The recent obsession with crime is a textbook example of our political and social dysfunction. It’s time to speak some plain truths.
Every year, more toddlers are killed by firearms in this country than law enforcement officers. Read that back to yourself again. None of them even signed up to be toddlers.
Conversely, over 1,200 civilians a year in the United States are killed in interactions with law enforcement. In the United Kingdom, it’s less than a dozen.
Prior to 2020, crime rates in every category had plunged in this country, including the murder rate by 50 percent from 1990 levels. That’s quite an accomplishment. Property crime, assault and other categories also saw major decreases.
Then COVID hit and crime rates spiked. As with our inflation story, remember the “soaring” crime levels start from a low base rate. A 10 percent increase from 2020 isn’t the same as a 10 percent increase from the 1990 level. Again, this is a NATIONAL trend, and rural areas have seen higher spikes than urban ones. You would never know it from the discourse being pushed.
Only one major metro in America can lay claim for having the lowest murder rate. You’re living next to it. Like Miami? The murder rate is nearly four times as high as New York City’s. How about Texas, where people think nothing of keeping a loaded Glock in a glove compartment, the way we keep extra masks?
The crime story in this country plays like this: Last week, a man in Navarro County, Texas, shot four family members. Afterward, he turned the gun on himself. In San Antonio, an 11-year-old found a gun that was supposedly hidden and shot another 11-year-old. In Atlanta, a contractor was killed because he was making too much noise at a neighbor’s house. Didn’t hear about these incidents? Of course not.
Because if ONE stabbing takes place in the New York subway system used by millions every day, everyone from Timbuktu to Tel Aviv knows about it. No one gives a damn about the 4-year-old shot dead in the back seat of their parent’s car last weekend if it doesn’t take place here.
Absent from all this?
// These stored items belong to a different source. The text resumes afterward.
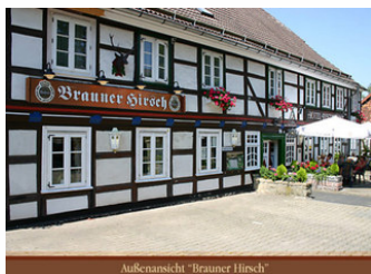
Außenansicht "Brauner Hirsch"
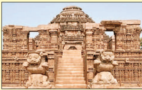
कोणार्क सूर्य मंदिर, ओडिशा

विक्रमशिला विश्वविद्यालय, बिहार में स्थित एक प्राचीन विश्वविद्यालय था और यह भारत के सबसे मशहूर शिक्षण संस्थानों में से एक था। इस विश्वविद्यालय के खंडहर आज भी मौजूद हैं और वे भारत के प्राचीन शिक्षा प्रणाली की झलक पेश करते हैं। भारत के इतिहास और शिक्षा के बारे में जानने के लिए आपको एक बार यहां जरूर जाना चाहिए।
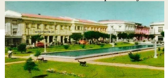
Foto de la Plaza Cienfuegos, Ex Escuela Concentradas de damas y varones.

Este miércoles 12 de mayo del año 2021, Talca, “la ciudad del trueno” cumplió 279 años de vida, fecha que no todos los talquinos recuerdan o tienen grabadas en su memoria, como lo es el aniversario de la ciudad que los vio crecer y que hoy los cobija. La ciudad antiguamente se dividía en dos barrios: el alto y el bajo. El primero era desde la alameda hacia el norte y el segundo desde el primer punto hacia el sur. Además de las casas, que estaban en un solar o en medio solar, estaban las casas de las autoridades, la casa del cabildo, la cárcel y la iglesia. Las calles tomaron nombres de iglesias y familias, destacándose socialmente las familias Donoso, Silva, Opazo y Vergara. Un pequeño paseo por la historia de los inicios de nuestro querido Talca. Si sabes algún otro dato, coméntalo en tu clase de Historia con la Profesora Jessica o en tu clase de orientación con tu profesor jefe.
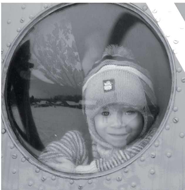
Каникулы закончились. Пора в школу.
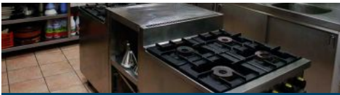
Imagen de la cocina de la Sociedad Gastronómica Los Sitios
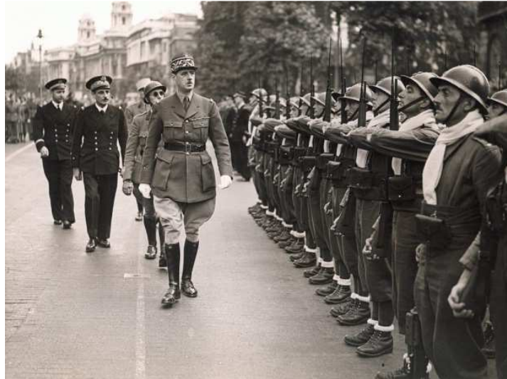
Défilé du 14 juillet 1940 à Londres Après avoir salué les aviateurs, le général de GAULLE passe en revue les chasseurs. Derrière lui à sa droite, l'Amiral MUSELIER commandant les FAFL et les FNFL.

Le 14/07/1940 , le bataillon défile à Londres devant le Général de GAULLE qui va le recevoir quelques jours plus tard au Delville Camp pour le passer en revue en compagnie du Roi George VI. La « Légion de GAULLE » est représentée par 40 légionnaires, 40 aviateurs, 40 chasseurs et 40 marins. Ce jour là, le gouvernement britannique a l'aimable courtoisie de faire hisser un immense drapeau tricolore sur l'une des tours du Palais de Westminster. Le défilé a lieu entre le Parlement de Westminster jusqu'à la statue du Maréchal FOCH, située à « Grosvenor Gardens », au pied de laquelle le Général de GAULLE dépose une couronne de fleurs.
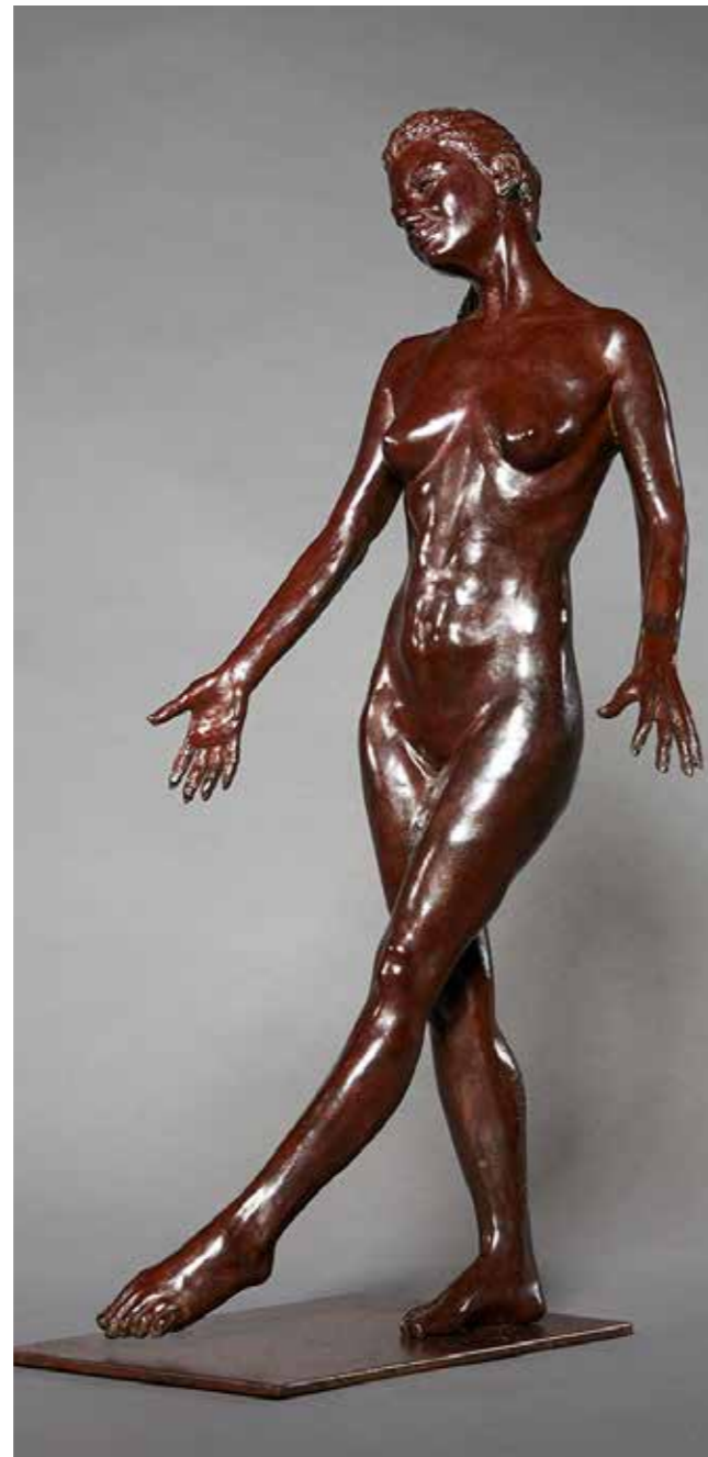
Séduction bronze 14
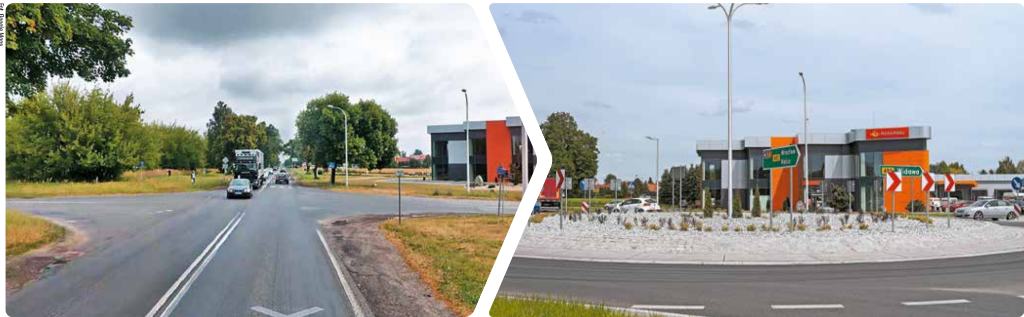
Skrzyżowanie ulic 1 Maja i Jana Pawła II, czyli dróg wojewódzkich 480 i 482 w Sieradzu przed i po remoncie

Dobiega końca część dużych remontów realizowanych przez Zarząd Dróg Wojewódzkich. Niektóre już się zakończyły, i to przed czasem.
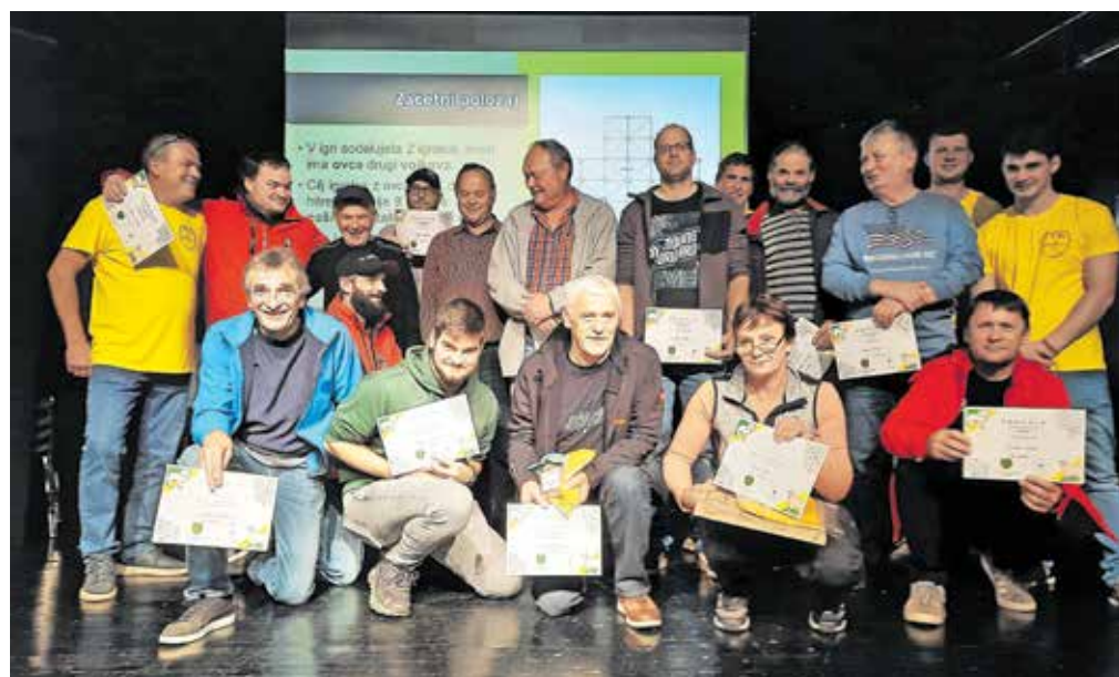
Tekmovalci in člani komisije

bljanskem zvonu, po katerih se je njegova ustvarjalna pot le še vzpenjala, dokler ni dosegel zrelosti klasičnega realizma ter v Cvetju v jeseni in Visoški kroniki »v izčiščenem in zrelem izrazu zapel poslednji pesem duhovni obliki ljubezni, ki je (najbrž) tudi najvišja oblika ljubezni«, so zapisali v predstavitvi knjige. »Ivan Tavčar preišča in piše, vrže na valove življenja, ki ga nosijo in zibajo, visoko dvigajo in globoko spuščajo, ki glasno hrumijo in tihotno šumijo, da bi se naposled izlili v literarne besede,« so še zapisali ob knjigi.

Bail reform. Because it’s not your problem. Never was. But our degenerate political class is going to do its best to leverage a false equivalence to their own advantage to get your votes, because they can play to your worst fears and instincts and know it will work. You’re that gullible.
Small wonder our newly elected county executive blew off his own municipality’s low crime rate the same way Trump blows off election results. Boy, are we in for a good time with this guy, or what?
Same as they whipped up your hysteria over Critical Race Theory. Now school districts are tossing out Maya Angelou’s poetry and even Michelle Obama’s autobiography. What did you THINK the outrage was about, folks? The quality of children’s education? Oh, you poor saps.
Let’s face another hard truth: law enforcement itself doesn’t have clean hands either. I have yet to see any senior law enforcement authority speak out against the NRA, the lack of sound policy on gun control, or Second Amendment absolutists. Unfortunately, over the years, a cultural nexus has developed between authoritarian elements like militia groups and law enforcement, something of a bond of shared sentiments. This subject remains untouched. I believe those with the authority to speak are afraid of their own ”brothers” revolting against them. But someone has to have that talk.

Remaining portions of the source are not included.